On January 7, 1891, nine days after the Wounded Knee Massacre, he shot and killed Army Lieutenant Edward W. Casey,[1] commandant of the Cheyenne Scouts (designated Troop L, Eighth Cavalry) two miles north of the Stronghold Table in the Badlands of the Pine Ridge Indian Reservation in South Dakota.
His defense was he shot and killed Casey as an effort to redeem himself in the eyes of his people after having spent five years at the Carlisle Indian School learning the ways of the white man.

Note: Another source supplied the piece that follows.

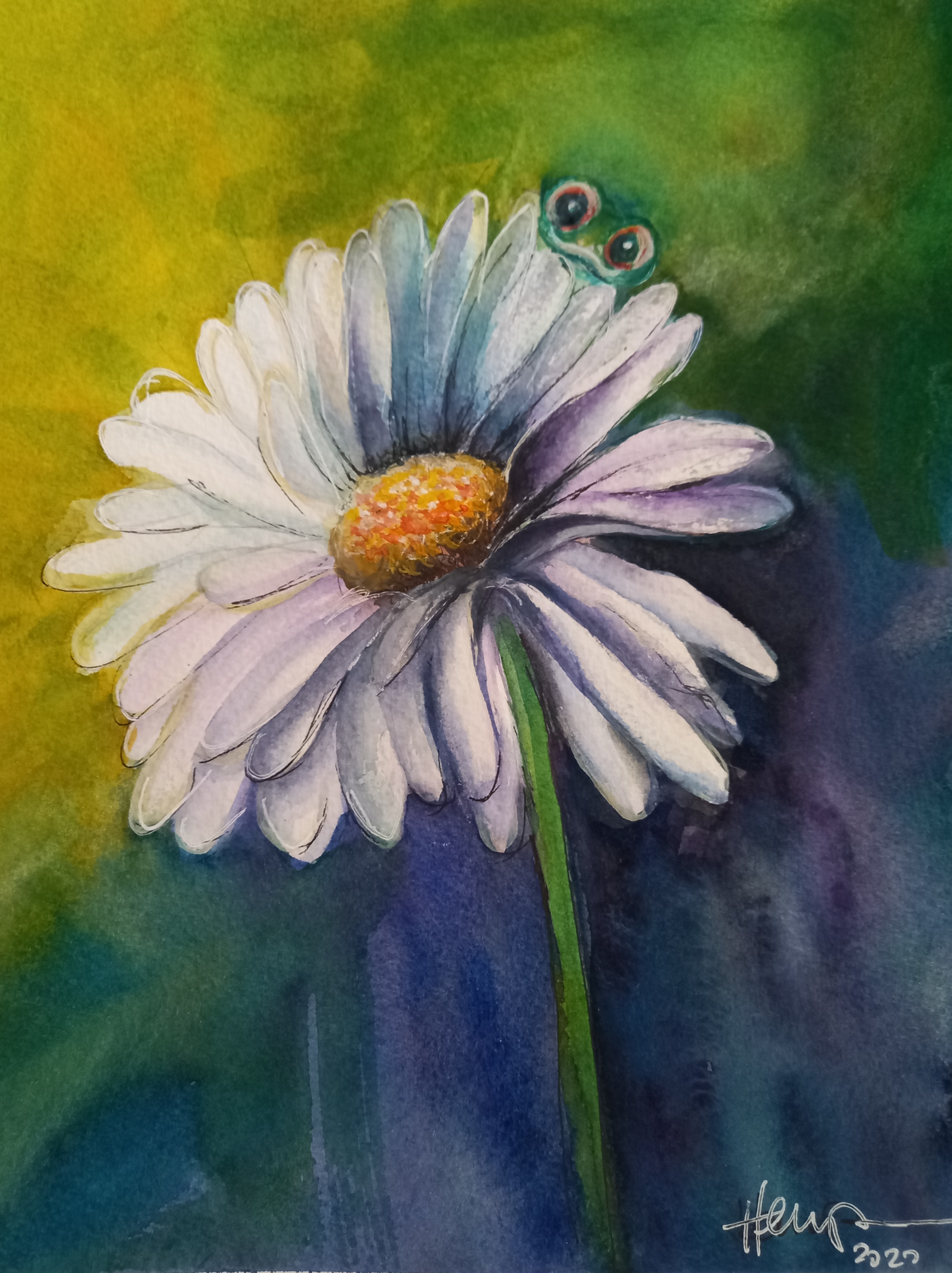 Vibrant watercolour of flower and frog Mounted Size 25cm x 30cm

[2]The trial of Plenty Horses, which took place at Fort Meade near Sturgis, figured prominently in the investigation of the events surrounding the Wounded Knee Massacre, specifically as to whether Spotted Elk's band were considered to be prisoners of war.
An unexpected witness for the defense at the trial of Plenty Horses was Captain Frank D. Baldwin, a member of Miles’s staff, who was already in the state, having gone to Pierre to urge the governor to ban the sale of weapons to Indians, which the legislature had failed to do.
[3] As a result of the finding that a state of war did exist, Plenty Horses escaped conviction for murder and was released, thereby helping to exonerate the soldiers of the Seventh Cavalry, the perpetrators of the Wounded Knee Massacre, none of whom was ever charged.